** Exercise materials follows **

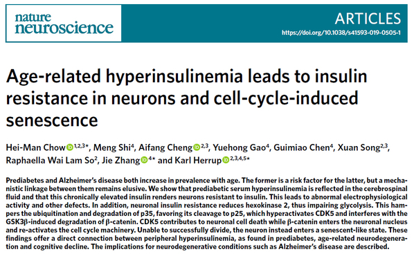 2019年10月22日,厦门大学神经科学研究所张杰教授课题组在国际神经科学顶级期刊《Nature Neuroscience》(IF=19.912)上合作发表题为“Age-related hyperinsulinemia leads to insulin resistance in neurons and cell-cycle-induced senescence”的研究论文,首次揭示了神经系统的胰岛素抵抗会通过诱导细胞周期重启导致神经元衰老的现象和机制,为T2D和AD的诊治提供了新的理论基础和靶点。
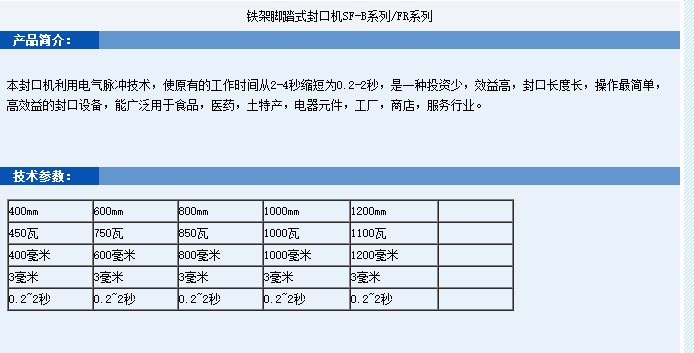 • 宝石兴电气脉冲技术 铁架脚踏式封口机SF-B系列/FR系列
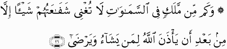 And how many angels there are in the heavens whose intercession will not avail at all except [only] after Allah has permitted [it] to whom He wills and approves.
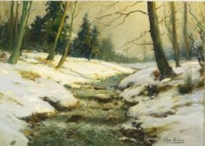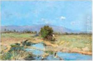 A Wooded Hilly Landscape With Two Figures By A Stream
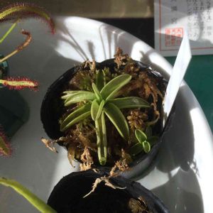 母親に贈って現在代行管理中のP.エセリアナ(やまはる園芸さんより購入)です。小さなエケベリアみたいにも見えなくもないです。屋内の適地が私の机しかなかったのでセファロタスと一緒に管理してます。管理してたら自分も欲しくなりました。今度機会があれば購入したいですね。 ポロリと落ちた葉を脇に置いていたらやっぱり発芽しました。エセリアナの葉は発芽率が非常に高いです。 花が綺麗、葉もロゼット型で美しい、用土が乾いたら水をやる普通の水やり管理ができる等、メキピンは贈るのに適している食虫植物かなと思います。食虫植物普及の鍵を握っている…かもしれません。
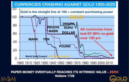 “我们需要明白,这最后的几个百分点的下跌意味着从今天起100%的下跌,以及冯·米塞斯所预言的现行货币体系的消亡。” 格鲁耶尔写道,“记住,黄金才是唯一存在了5000年的货币。”
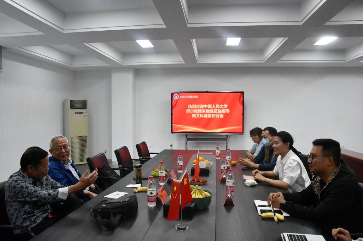 讲座结束后,学院领导、新闻系学科带头人、骨干教师等参加了新文科建设研讨会,洪玉从学院办学特色、教学科研、学生工作等方面汇报了学院的总体情况,并简要介绍了新闻学、广告学两个本科专业的发展情况。广告学专业学科带头人何玉洁、新闻学专业学科带头人方田、实验实训主管翟春翔等介绍了专业发展情况及存在的问题。
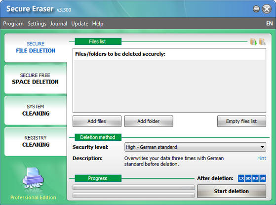 Secure Eraser - основное предназначение программы - удаление конфиденциальной информации пользователя с жесткого диска без возможности восстановления. Программа сразу после удаления информации перезапишет освободившиеся секторы несколько раз производной комбинацией символов, так что для восстановления информации понадобятся специальные аппаратные средства. Помимо надёжного удаления данных, в программе присутствует возможность очистки файлов во временных папках системы и IE, затирание неиспользованного (свободного) пространства дисков, а также очистка реестра от ненужных записей. Для безвозвратного удаления файлов можно выбрать один из следующих известных и признанных стандартов: US DoD 5220.22-M E, US DoD 5220.22-M ECE, German standard, Peter Gutmann standard. Начать безвозвратное удаление файлов можно прямо из контекстного меню Explorer или Корзины.
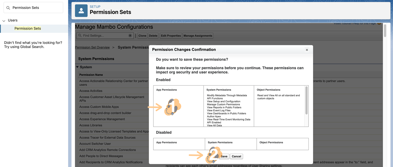 Note: The pop-up may or may not appear. Make sure to head back to the Permission Sets screen to make sure the changes were successfully saved.
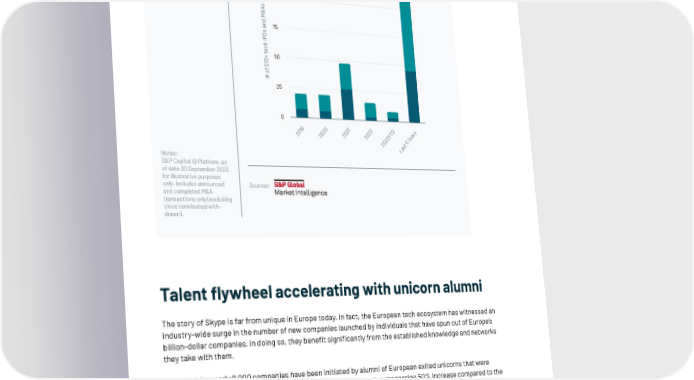 Count of $1B+ European tech IPOs and M&As, 2019 to 2023 M&A IPO 125 100 s A & M d n 75 a s O P I h c e t + 50 B 1 $ f o # 25 0 9 0 1 2 D s 1 2 2 2 T r 0 0 0 0 Y a 2 2 2 2 3 e 2 Y 20 t 5 Las Notes: S&P Capital IQ Platform, as of date 30 September 2023, for illustrative purposes only. Includes announced Sources: and completed M&A transactions only (excluding since terminated/with- drawn). Talent 昀氀ywheel accelerating with unicorn alumni The story of Skype is far from unique in Europe today. In fact, the European tech ecosystem has witnessed an industry-wide surge in the number of new companies launched by individuals that have spun out of Europe’s billion-dollar companies. In doing so, they bene昀椀t signi昀椀cantly from the established knowledge and networks they take with them. Remarkably, nearly 9,000 companies have been initiated by alumni of European exited unicorns that were founded during the 2000s. To put this into perspective, it is nearly a staggering 50% increase compared to the unicorns founded in the 1990s. It is not di昀케cult to imagine how this network effect will signi昀椀cantly in昀氀uence Europe’s path in the next ten years. 63 | Executive summary
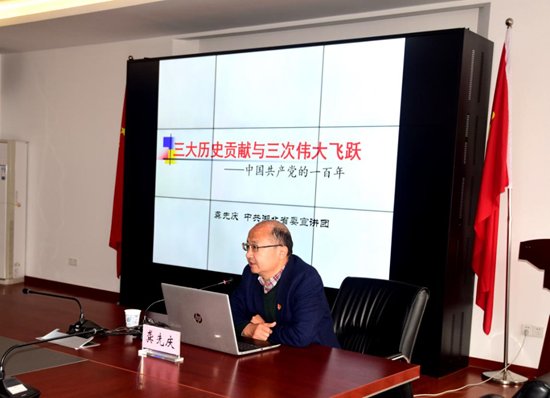 围绕中国共产党在百年发展历程中,面对各种风险挑战,历经艰辛探索,付出巨大牺牲,带领中华民族站起来、富起来、强起来的伟大成就这一学习主线,龚先庆全面宣讲了中国共产党为国家和民族作出的伟大贡献,中国共产党推进马克思主义中国化形成的重大理论成果。
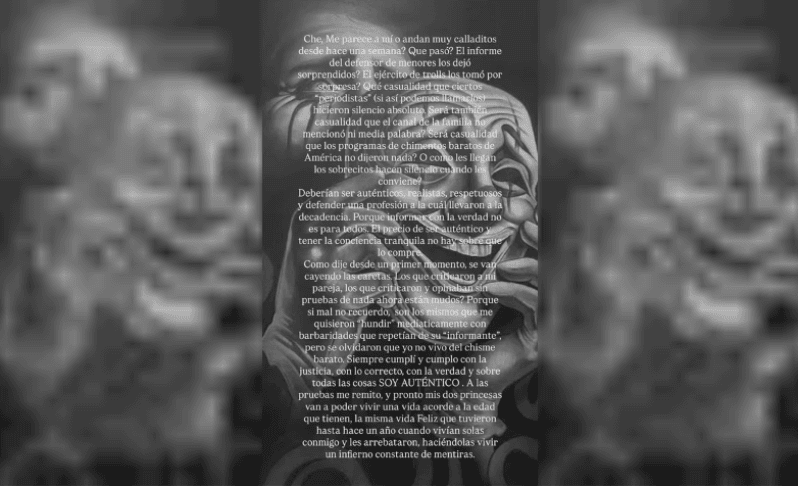 "Siempre cumplí y cumplo con la Justicia, con lo correcto, con la verdad y sobre todas las cosas soy auténtico. A las pruebas me remito y pronto mis dos princesas van a poder vivir una vida acorde a la edad que tienen, la misma vida feliz que tuvieron hasta hace un año cuando vivían solas conmigo y les arrebataron, haciéndolas vivir un infierno constante de mentiras", concluyó.
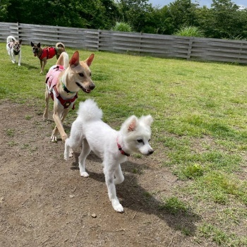 来客者のタイミングを見計らい、交代でドッグランで遊ばせていただけたので、犬達は普段の譲渡会の時より生き生きしていいるように感じました。
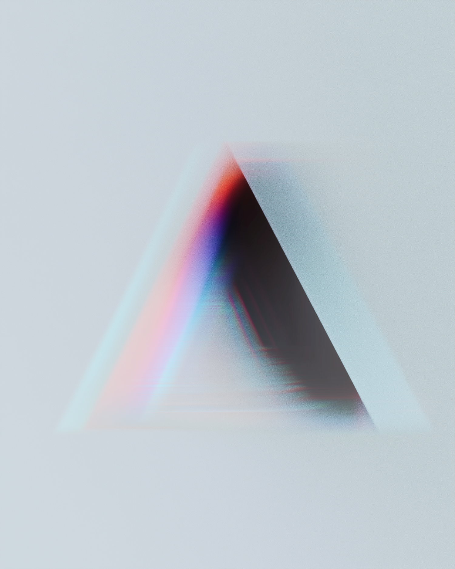 Abstract image of a colorful, blurred triangle on a light gray background, creating a dreamy, prismatic effect.
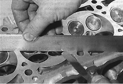 Используя металлическую линейку и щуп, проверьте плоскостность сопрягаемой поверхности головки блока цилиндров. При неплоскостности более чем 0,1 мм необходимо перешлифовать головку, при этом высота ее должна соответствовать требованиям.
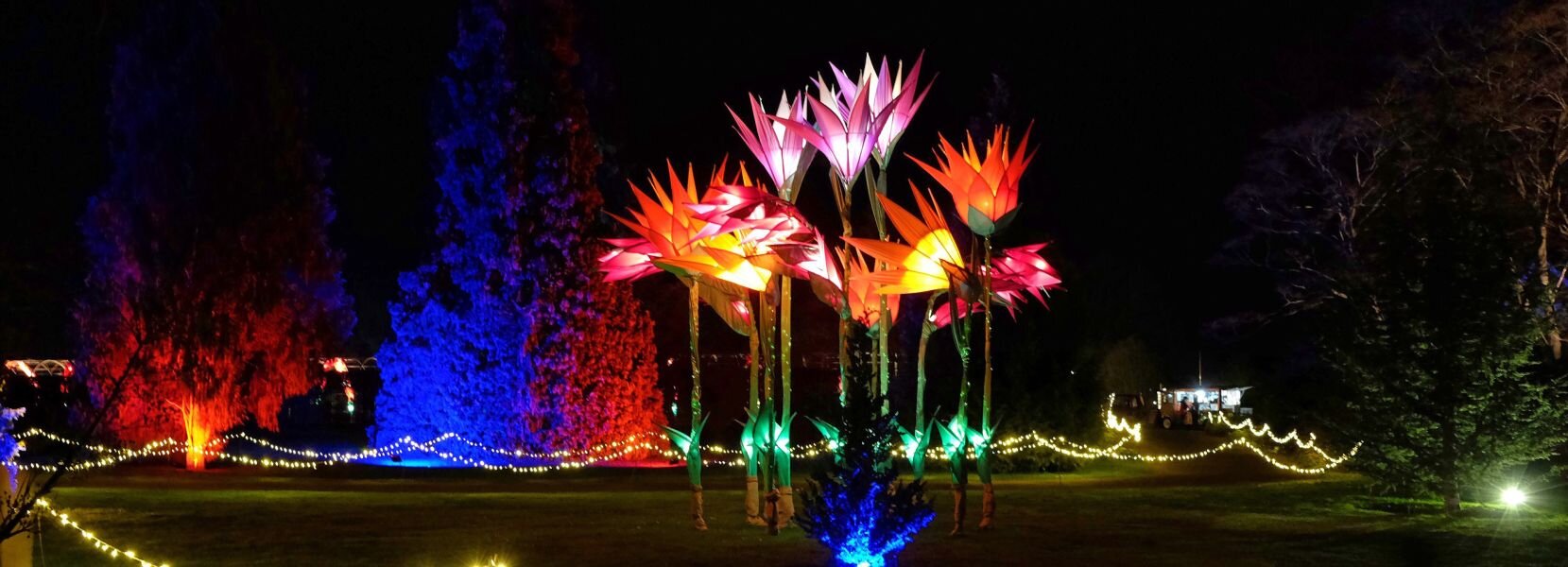 Laser lights, fireworks trees and wicker animals are all included in the illuminated arboretum.
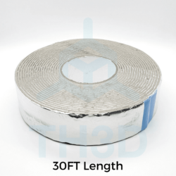 Stick this to the bottom of your bed to insulate for quicker heating, less heat loss, and more even heating of your printer bed. The strips are ~50mm wide (+/- 1.0mm) and self-stick to the surface they are going on. Cut to any length you want, works on all heated beds.
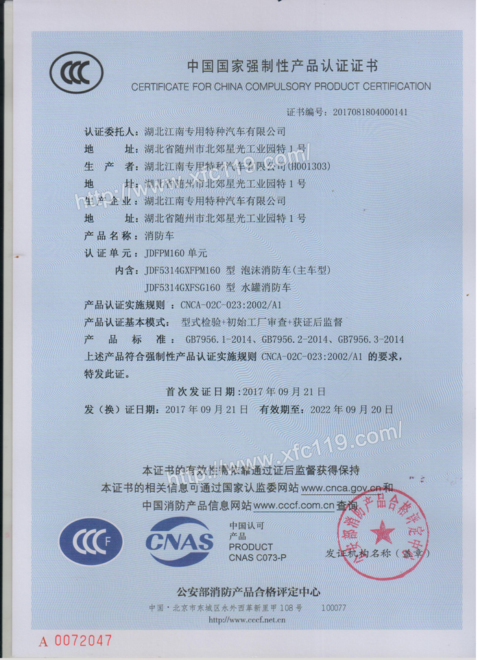 熱烈慶賀我公司湖北江南專用特種汽車有限公司國五消防車3C已率先批下,領(lǐng)跑全國,是消防車廠家里面國五消防車車型第一批下發(fā)3C的企業(yè),這也證明了我公司的國五消防車車型質(zhì)量,技術(shù)方面全面得到國家認可和好評。歡迎新老客戶來我廠考察選購消防車車型及邀約我公司參加各公司各政府單位消防車項目招標活動。

** End of Exercise materials **

Please quote the records above exactly, beginning at the line that contains "Stick this to" and ending at their last line. Leave the pictures out.

 Stick this to the bottom of your bed to insulate for quicker heating, less heat loss, and more even heating of your printer bed. The strips are ~50mm wide (+/- 1.0mm) and self-stick to the surface they are going on. Cut to any length you want, works on all heated beds.
 熱烈慶賀我公司湖北江南專用特種汽車有限公司國五消防車3C已率先批下,領(lǐng)跑全國,是消防車廠家里面國五消防車車型第一批下發(fā)3C的企業(yè),這也證明了我公司的國五消防車車型質(zhì)量,技術(shù)方面全面得到國家認可和好評。歡迎新老客戶來我廠考察選購消防車車型及邀約我公司參加各公司各政府單位消防車項目招標活動。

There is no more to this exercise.